Write out each record below exactly, but not the pictures.

====== Task material

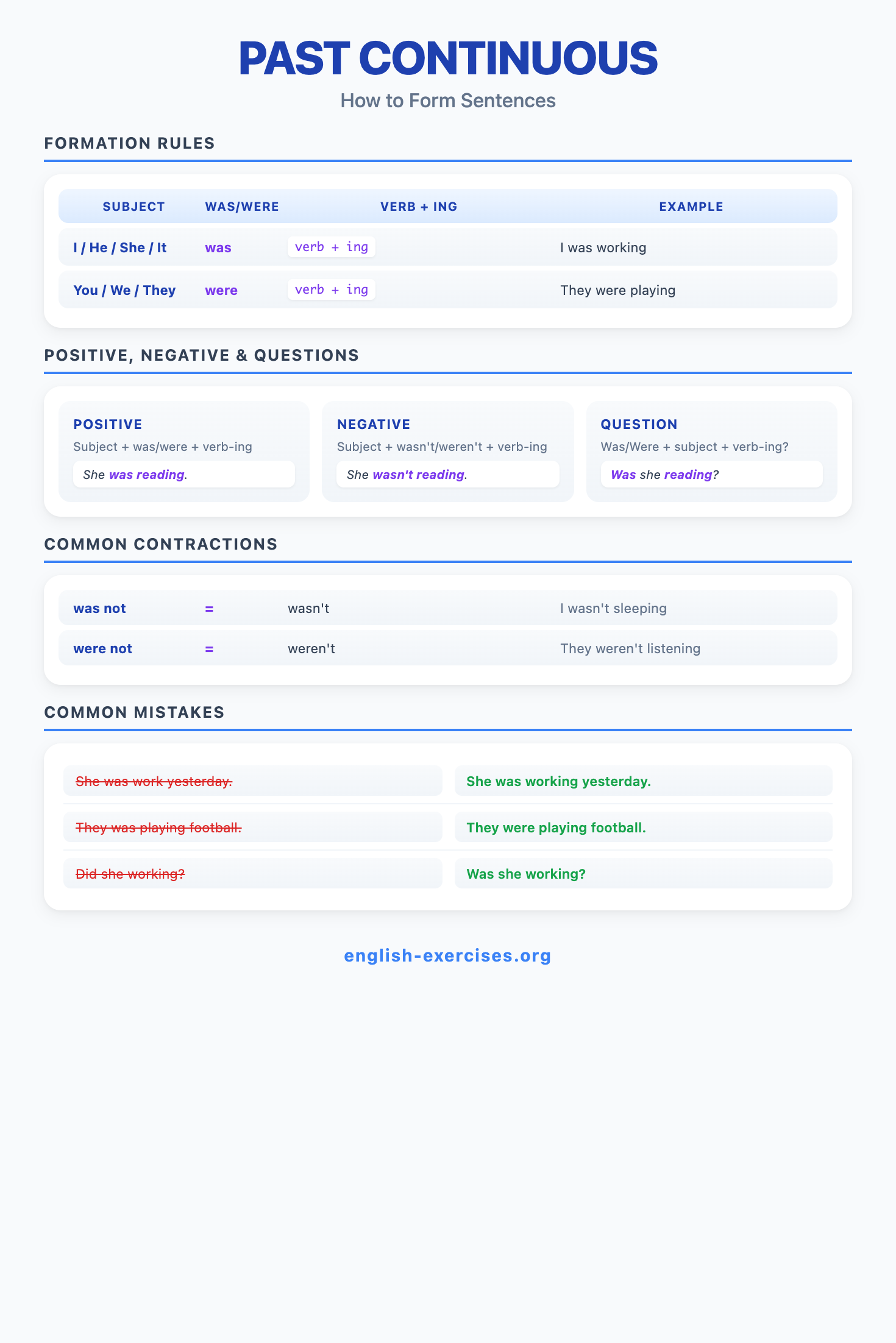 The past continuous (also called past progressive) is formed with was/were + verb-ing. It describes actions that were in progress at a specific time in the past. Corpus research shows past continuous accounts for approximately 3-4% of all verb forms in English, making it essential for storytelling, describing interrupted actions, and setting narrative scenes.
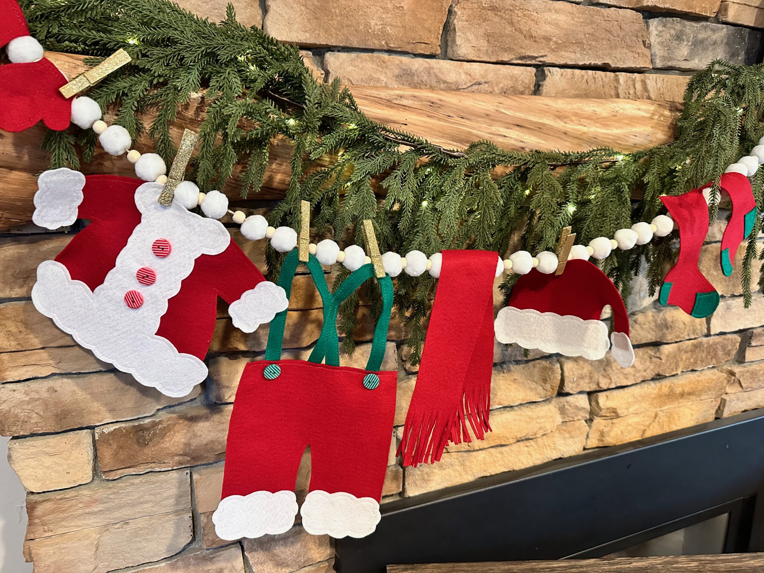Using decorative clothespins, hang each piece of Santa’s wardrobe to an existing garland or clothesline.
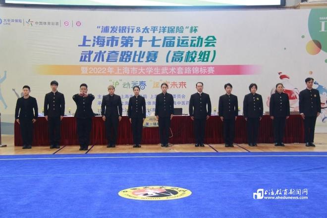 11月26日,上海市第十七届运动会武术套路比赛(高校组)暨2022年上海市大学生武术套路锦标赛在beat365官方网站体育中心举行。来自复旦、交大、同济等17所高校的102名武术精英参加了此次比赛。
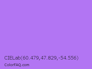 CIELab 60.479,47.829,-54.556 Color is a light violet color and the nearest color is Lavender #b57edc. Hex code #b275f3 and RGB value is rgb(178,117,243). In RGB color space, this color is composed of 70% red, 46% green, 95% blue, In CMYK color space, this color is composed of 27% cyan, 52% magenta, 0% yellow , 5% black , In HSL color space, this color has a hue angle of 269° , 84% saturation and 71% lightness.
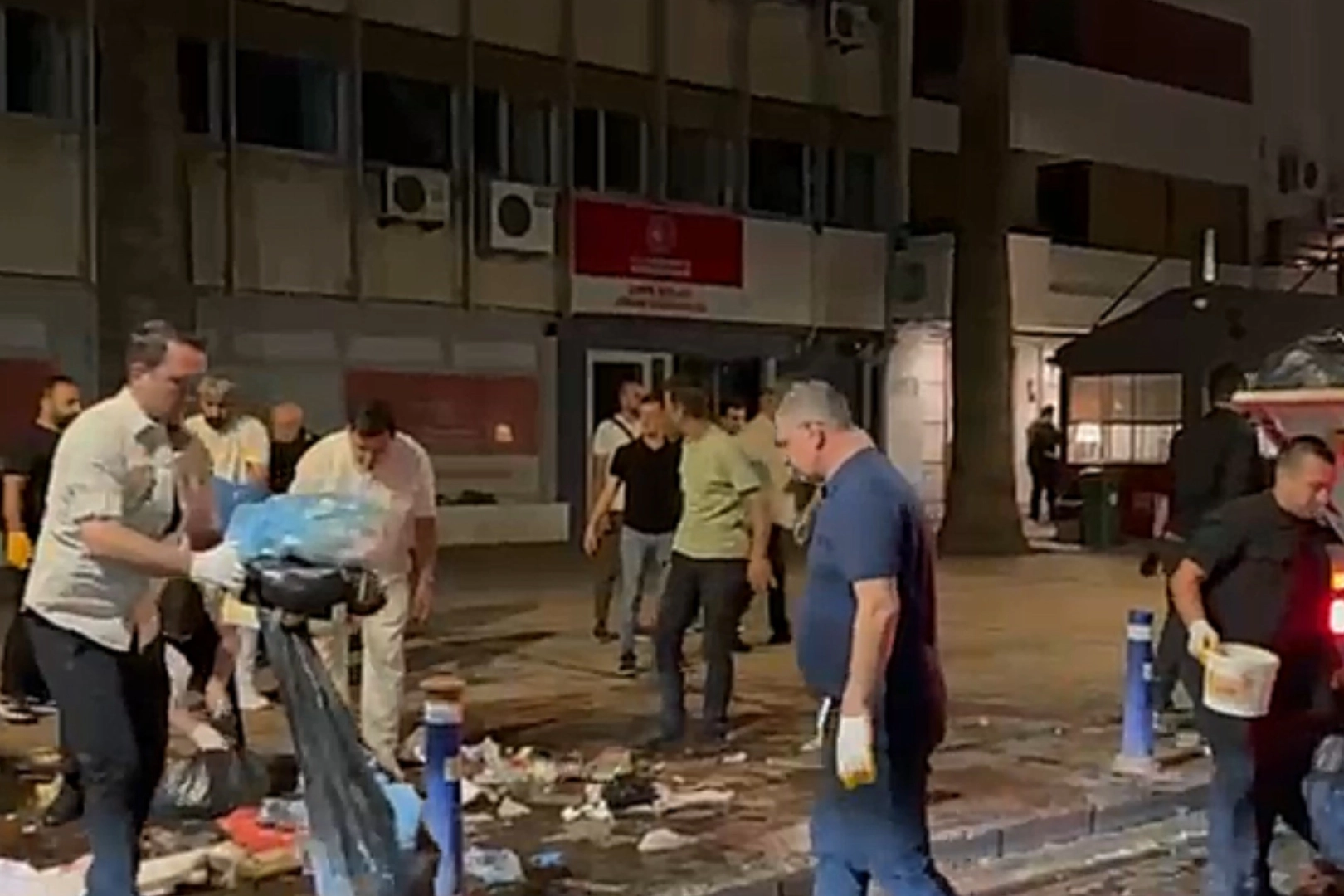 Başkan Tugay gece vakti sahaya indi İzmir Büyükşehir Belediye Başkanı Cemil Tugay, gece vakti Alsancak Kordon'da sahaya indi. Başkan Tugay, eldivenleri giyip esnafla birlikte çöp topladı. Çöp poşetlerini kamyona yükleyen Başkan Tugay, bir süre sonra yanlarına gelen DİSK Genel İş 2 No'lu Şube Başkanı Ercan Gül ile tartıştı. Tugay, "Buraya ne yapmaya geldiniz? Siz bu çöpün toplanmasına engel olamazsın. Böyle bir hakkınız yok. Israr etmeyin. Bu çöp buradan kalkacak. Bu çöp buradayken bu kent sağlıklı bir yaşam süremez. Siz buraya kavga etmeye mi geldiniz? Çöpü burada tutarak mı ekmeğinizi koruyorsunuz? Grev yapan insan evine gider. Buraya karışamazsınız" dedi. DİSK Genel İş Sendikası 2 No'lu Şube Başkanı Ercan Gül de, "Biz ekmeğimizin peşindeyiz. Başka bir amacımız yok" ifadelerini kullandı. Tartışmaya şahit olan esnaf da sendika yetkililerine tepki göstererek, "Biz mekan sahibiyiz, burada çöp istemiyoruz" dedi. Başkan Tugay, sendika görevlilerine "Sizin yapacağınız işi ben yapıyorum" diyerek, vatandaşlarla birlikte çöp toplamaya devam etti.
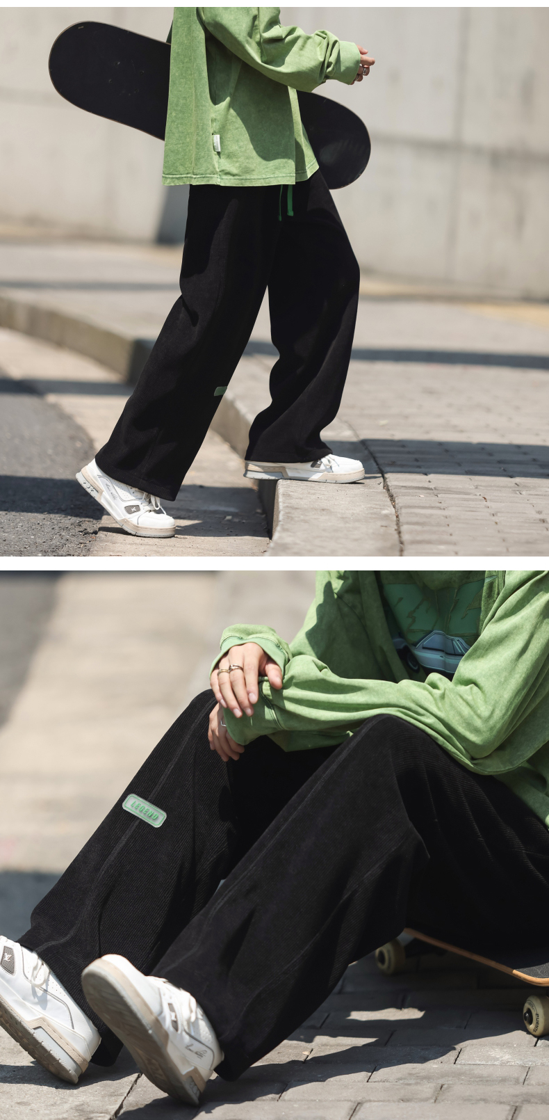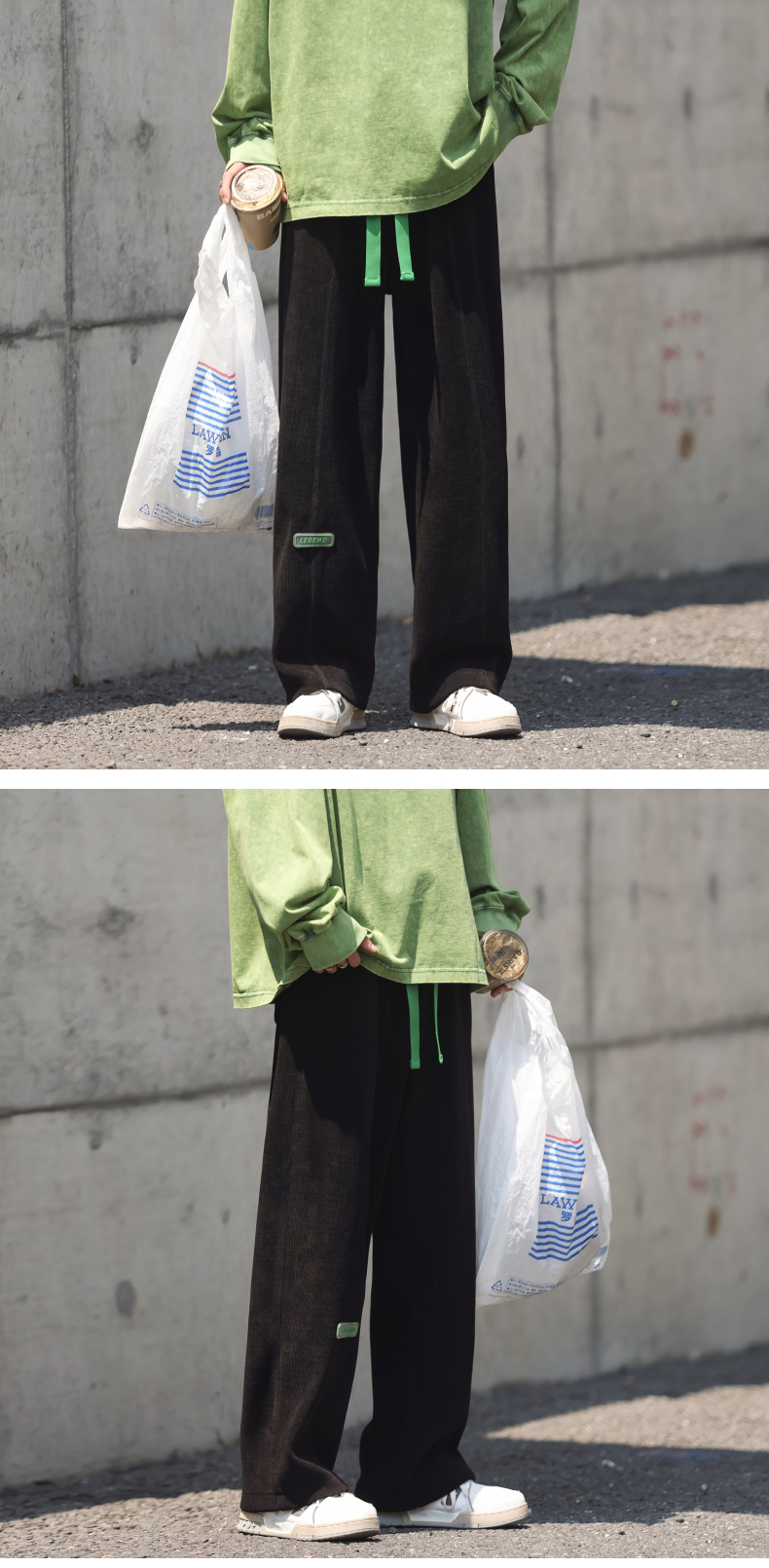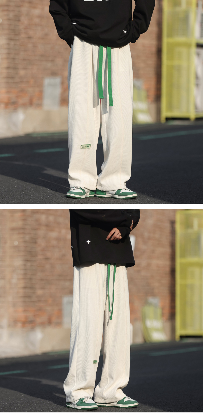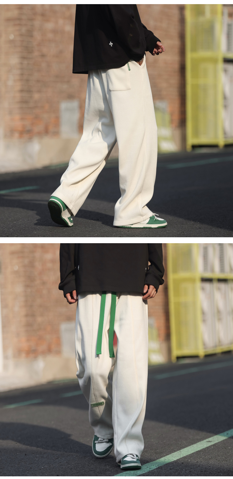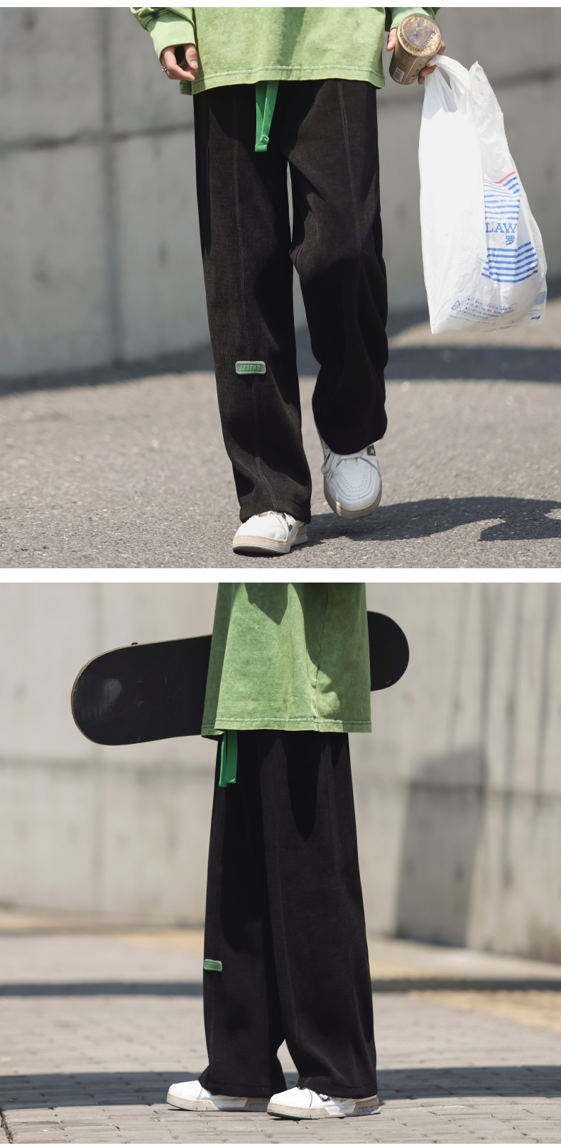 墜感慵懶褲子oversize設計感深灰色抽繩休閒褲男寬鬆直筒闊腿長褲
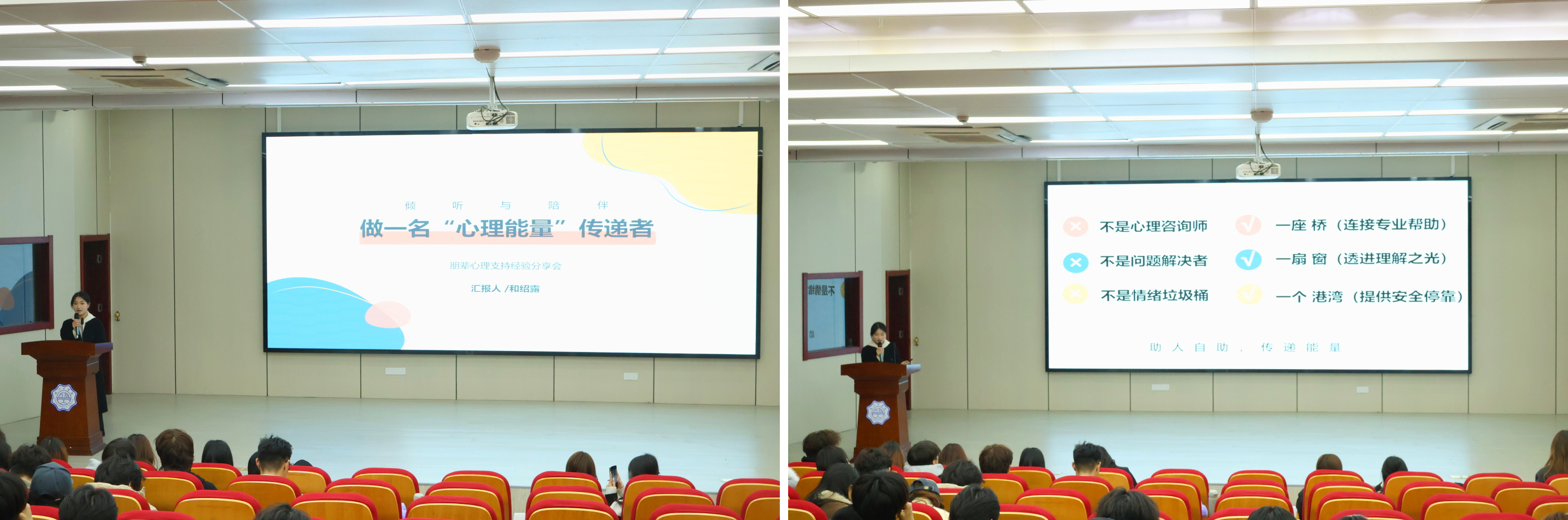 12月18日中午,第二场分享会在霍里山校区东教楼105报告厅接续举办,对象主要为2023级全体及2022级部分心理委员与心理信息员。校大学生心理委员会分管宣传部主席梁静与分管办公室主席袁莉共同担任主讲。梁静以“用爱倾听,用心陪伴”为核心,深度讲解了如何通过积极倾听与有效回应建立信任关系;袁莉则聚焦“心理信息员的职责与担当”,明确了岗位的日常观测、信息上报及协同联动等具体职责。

============

◆ Solution for this task:
 The past continuous (also called past progressive) is formed with was/were + verb-ing. It describes actions that were in progress at a specific time in the past. Corpus research shows past continuous accounts for approximately 3-4% of all verb forms in English, making it essential for storytelling, describing interrupted actions, and setting narrative scenes.
Using decorative clothespins, hang each piece of Santa’s wardrobe to an existing garland or clothesline.
 11月26日,上海市第十七届运动会武术套路比赛(高校组)暨2022年上海市大学生武术套路锦标赛在beat365官方网站体育中心举行。来自复旦、交大、同济等17所高校的102名武术精英参加了此次比赛。
 CIELab 60.479,47.829,-54.556 Color is a light violet color and the nearest color is Lavender #b57edc. Hex code #b275f3 and RGB value is rgb(178,117,243). In RGB color space, this color is composed of 70% red, 46% green, 95% blue, In CMYK color space, this color is composed of 27% cyan, 52% magenta, 0% yellow , 5% black , In HSL color space, this color has a hue angle of 269° , 84% saturation and 71% lightness.
 Başkan Tugay gece vakti sahaya indi İzmir Büyükşehir Belediye Başkanı Cemil Tugay, gece vakti Alsancak Kordon'da sahaya indi. Başkan Tugay, eldivenleri giyip esnafla birlikte çöp topladı. Çöp poşetlerini kamyona yükleyen Başkan Tugay, bir süre sonra yanlarına gelen DİSK Genel İş 2 No'lu Şube Başkanı Ercan Gül ile tartıştı. Tugay, "Buraya ne yapmaya geldiniz? Siz bu çöpün toplanmasına engel olamazsın. Böyle bir hakkınız yok. Israr etmeyin. Bu çöp buradan kalkacak. Bu çöp buradayken bu kent sağlıklı bir yaşam süremez. Siz buraya kavga etmeye mi geldiniz? Çöpü burada tutarak mı ekmeğinizi koruyorsunuz? Grev yapan insan evine gider. Buraya karışamazsınız" dedi. DİSK Genel İş Sendikası 2 No'lu Şube Başkanı Ercan Gül de, "Biz ekmeğimizin peşindeyiz. Başka bir amacımız yok" ifadelerini kullandı. Tartışmaya şahit olan esnaf da sendika yetkililerine tepki göstererek, "Biz mekan sahibiyiz, burada çöp istemiyoruz" dedi. Başkan Tugay, sendika görevlilerine "Sizin yapacağınız işi ben yapıyorum" diyerek, vatandaşlarla birlikte çöp toplamaya devam etti.
 墜感慵懶褲子oversize設計感深灰色抽繩休閒褲男寬鬆直筒闊腿長褲
 12月18日中午,第二场分享会在霍里山校区东教楼105报告厅接续举办,对象主要为2023级全体及2022级部分心理委员与心理信息员。校大学生心理委员会分管宣传部主席梁静与分管办公室主席袁莉共同担任主讲。梁静以“用爱倾听,用心陪伴”为核心,深度讲解了如何通过积极倾听与有效回应建立信任关系;袁莉则聚焦“心理信息员的职责与担当”,明确了岗位的日常观测、信息上报及协同联动等具体职责。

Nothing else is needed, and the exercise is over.